With a clear image, that reminds of a corncob, on the first block of the original town of Chicago is located one of the most important works of the american architect, Marina City, a mixed-use complex on the north bank of the Chicago River consisting of two 65 story residential twin towers with over 400 apartments and a spiral parking, an auditorium and an office building all placed on top of a comercial platform.

The works began in 1960 with the aim of revitalizing the Chicago Downtown. Until then, due to World War II, Chicago had been an important industrial center, and its population increased, although mainly in the suburbs of the city, the Downtown instead had spent 30 years without building anything new. The complex designed by Goldberg was, for a long time, the only mixed-use building, foreseeing the future development of the city center.

- METALOCUS would like to express gratitude for Steven Dahlman's help and Marina City Org for the preparation of this article.

More information

Bertrand Goldberg (July 17, 1913 – October 8, 1997) was an American architect based in Chicago, active from 1937. He studied at Harvard in 1930, at the Cambridge School of Landscape Architecture, an institution later integrated into the same university. In 1932, he decided to travel to Berlin to study at the Bauhaus until its closure in 1933, a period during which he worked in the studio of Ludwig Mies van der Rohe. After the closure of the Bauhaus and amid increasing political repression in Germany, he moved briefly to Paris before returning to Chicago, where he collaborated with renowned modern architects such as Keck and Keck, Paul Schweikher and Howard T. Fisher. He earned his degree from the Armour Institute of Technology in Chicago in 1934.

In 1937, he opened his studio, where he applied what he learned at the Bauhaus and the studio of Mies van der Rohe, as can be seen in his first prefabricated projects for the Federal Government in Suit, Maryland, and Lafayette, Indiana, built between 1937 and 1944. His approach to architecture was characterized from the beginning by a tendency toward unconventional structural solutions in residential, institutional, and industrial projects.

One of his first significant commissions was in 1938, for the North Pole ice cream chain: demountable structures with roofs supported by tension rods connected to a single central pillar. In parallel, he explored prototypes of prefabricated housing, mobile vaccination laboratories, and laminated wood railway cars for military use, conducting an experimental search for common materials such as plywood and concrete.

Between 1945 and 1948, he designed the Stanfad prefabricated restrooms, with gently curved forms, and developed a series of railcars for the Pressed Steel Car Company, constructed from plastic materials, which formally and materially anticipated his future concrete towers. These industrial exercises were a response to his collaborations with figures such as R. Buckminster Fuller and his friendship with Josef Albers.

In 1959, he designed his most important work: Marina City, a complex of two unique mixed-use towers on the north bank of the Chicago River, built between 1961 and 1964. The project consists of two sixty-story twin towers (designed for housing and spiral parking) with a base that houses a theater, retail spaces, offices, an ice rink, a bowling alley, a river marina, and connections to an active railway line. The towers, with their distinctive multi-lobed forms, have been commonly described as "corncobs" and constitute a distinctive landmark in the city's skyline. This complex demonstrated the potential of reinforced concrete and mixed-use typologies as drivers of urban regeneration. Over time, the complex's uses have transformed, largely retaining its original spatial and structural logic: the theater is currently the home of the Chicago House of Blues, the office serves as a hotel, and the ice rink has been replaced by a restaurant.

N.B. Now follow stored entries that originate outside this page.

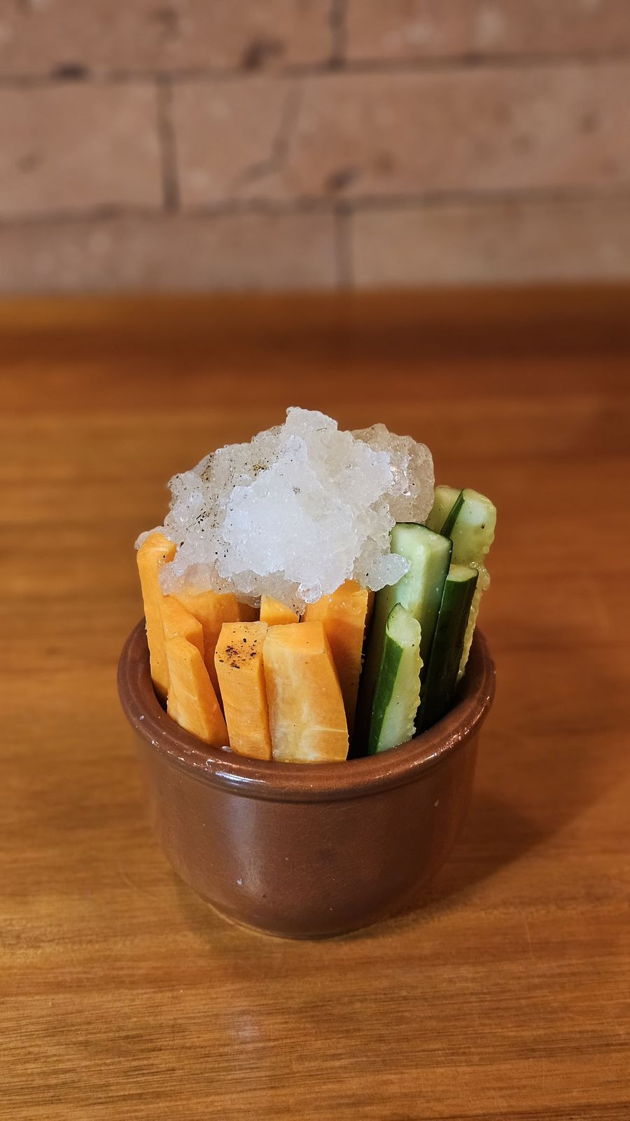 Crocrantes palitos de cenoura e pepino, servidos sobre gelo moído, finalizados com um toque de cachaça e uma pitada de sal. Refrescante e surpreendente, um convite ao paladar.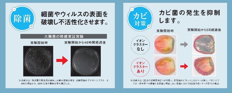弊社で採用しているイオンクラスターの詳細につきましてはこちらをご覧下さい。
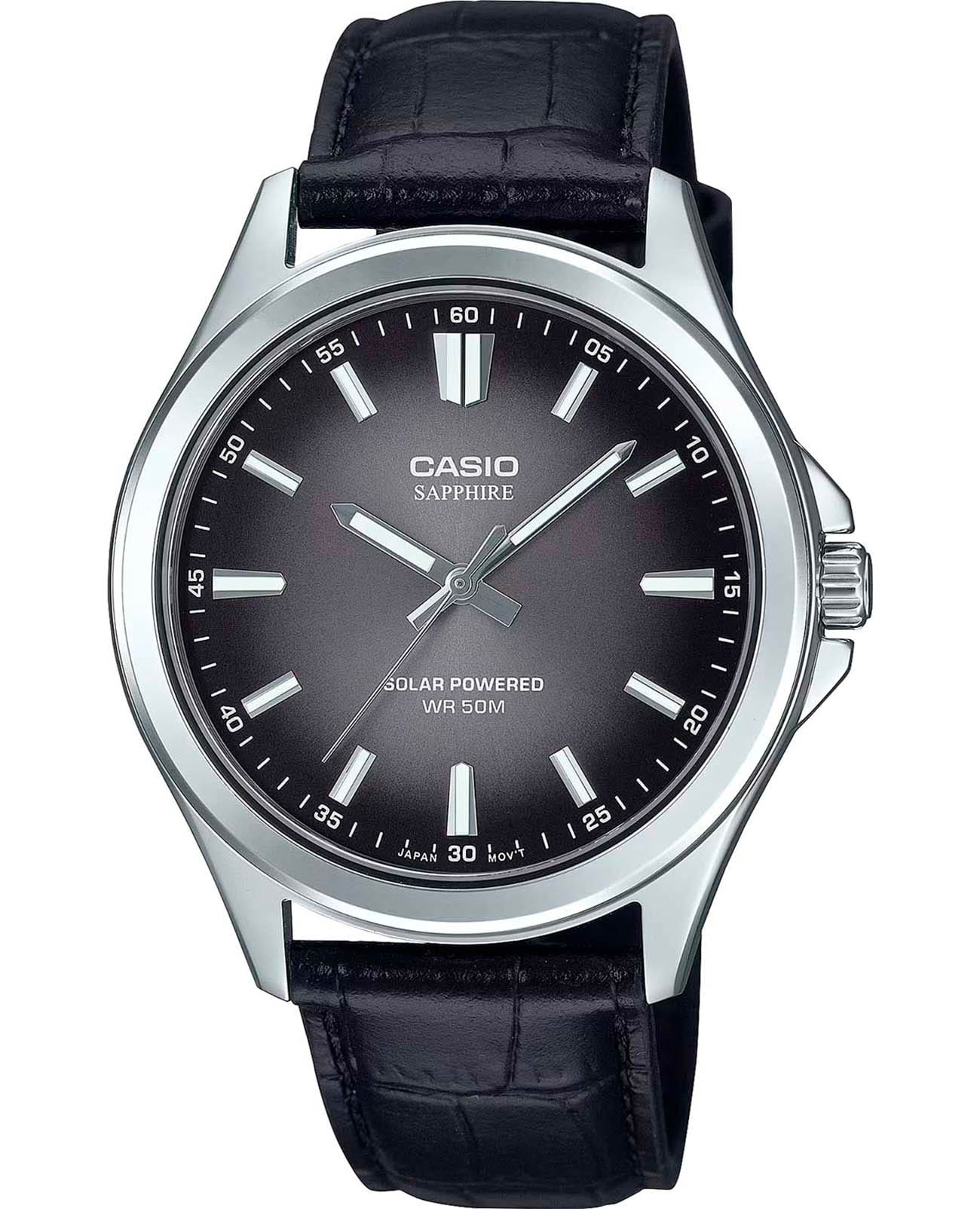 Мужские кварцевые часы Casio Collection — это современный и практичный аксессуар с питанием от солнечной энергии. Корпус размером 41,7 мм и толщиной 9,5 мм выполнен из нержавеющей стали. Циферблат чёрного цвета оформлен штрихами и стрелками. Циферблат защищён сапфировым стекломСапфировое стеклоПрочный и надёжный материал из кристалла сапфира синтетического происхождения, характеризующийся особой твёрдостью и устойчивостью к царапинам и повреждениям. с антибликовым покрытиемАнтибликовое покрытиеСлой оксида металла в 0,13-0,3 микрон, благодаря которому стекло часов не бликует и не отражает свет. Антибликовое покрытие уменьшает отражение света в 10 раз, обеспечивая отличную читаемость показателей циферблата.. Механизм — японский кварцевый калибр Miyota с центральной секундной стрелкой. Часы оснащены кожанным ремешко на стандартной пряжке. Заводная головка с защитой повышает надёжность. Водонепроницаемость 50 м позволяет использовать часы при мытье рук или в дождь. Идеальный выбор для тех, кто ценит японское качество и универсальный дизайн.

Following the international success of Marina City, Goldberg expanded his scope to include large-scale institutional commissions, particularly hospitals, such as the now-defunct Prentice Women's Hospital for Northwestern University, the SUNY Medical and Scientific Complex at Stony Brook, and Good Samaritan Hospital in Phoenix. He also designed educational facilities and public housing developments, such as River City and the Hilliard Homes complex, both in Chicago.

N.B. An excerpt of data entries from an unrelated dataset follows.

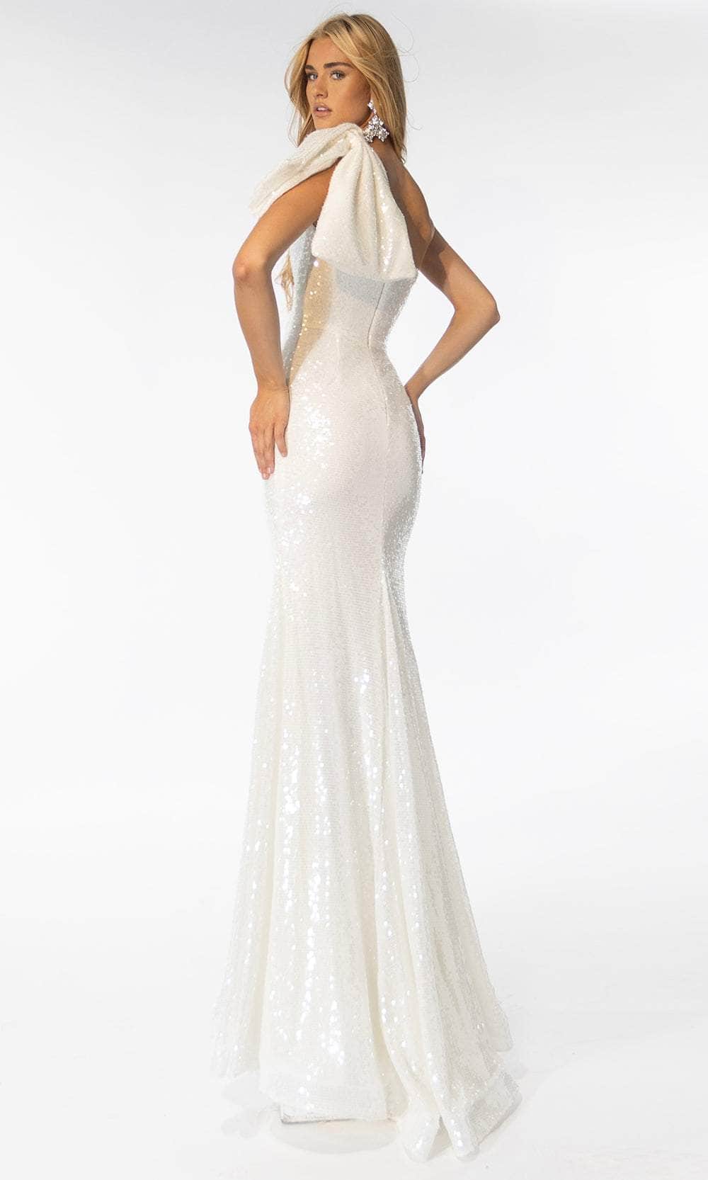 Embody Hollywood glitz and glamour in this Ava Presley 39286, a fully embellished sequin gown that captures attention effortlessly. The one-shoulder design with long sleeves and an asymmetrical neckline adds a contemporary flair. The back zipper closure ensures a seamless fit. The floor-length skirt, adorned with horsehair trim, gracefully concludes with a train, providing an elegant touch. Ava Presley 39286 promises a show-stopping look for any special occasion, seamlessly blending modern style with timeless sophistication. Models are wearing Neon Pink and Off White colors.
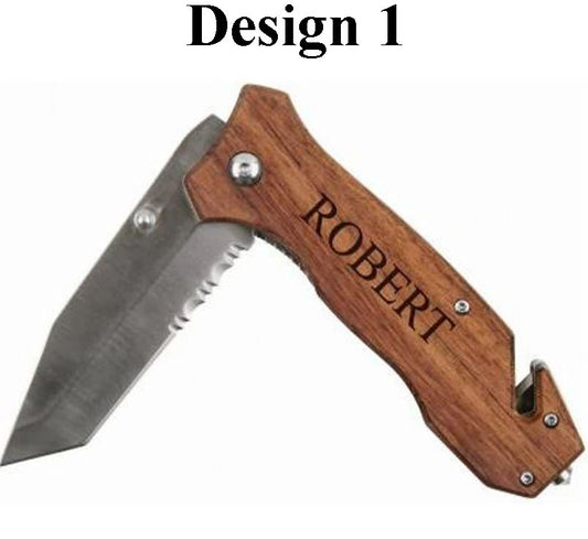 WOOD POCKET KNIFE W/ CLIP - ENGRAVABLE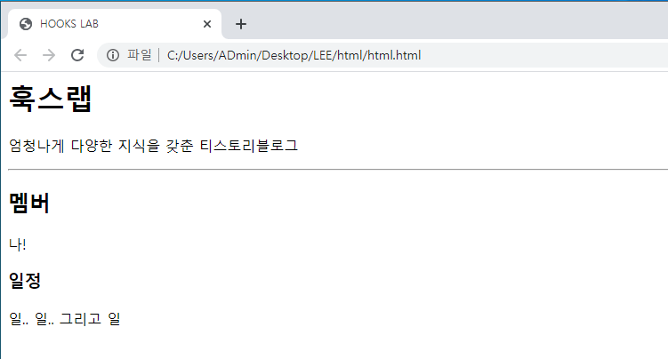 두 문단을 <hr>으로 구분하고 브라우저를 통해서 웹문서를 확인해보면 다음과 같은 결과를 얻습니다.

Beginning in the 1970s, Goldberg focused his work on more complex urban proposals, both from a design and theoretical perspective. He wrote on urban, historical, and cultural themes with a critical and progressive perspective, proposing solutions that integrate social, technical, and spatial aspects. His legacy is preserved in the Bertrand Goldberg Archive, housed at the Ryerson & Burnham Libraries of the Art Institute of Chicago, containing drawings, photographs, correspondence, and audiovisual materials that reflect a career dedicated to conceiving architecture as an engine of social transformation.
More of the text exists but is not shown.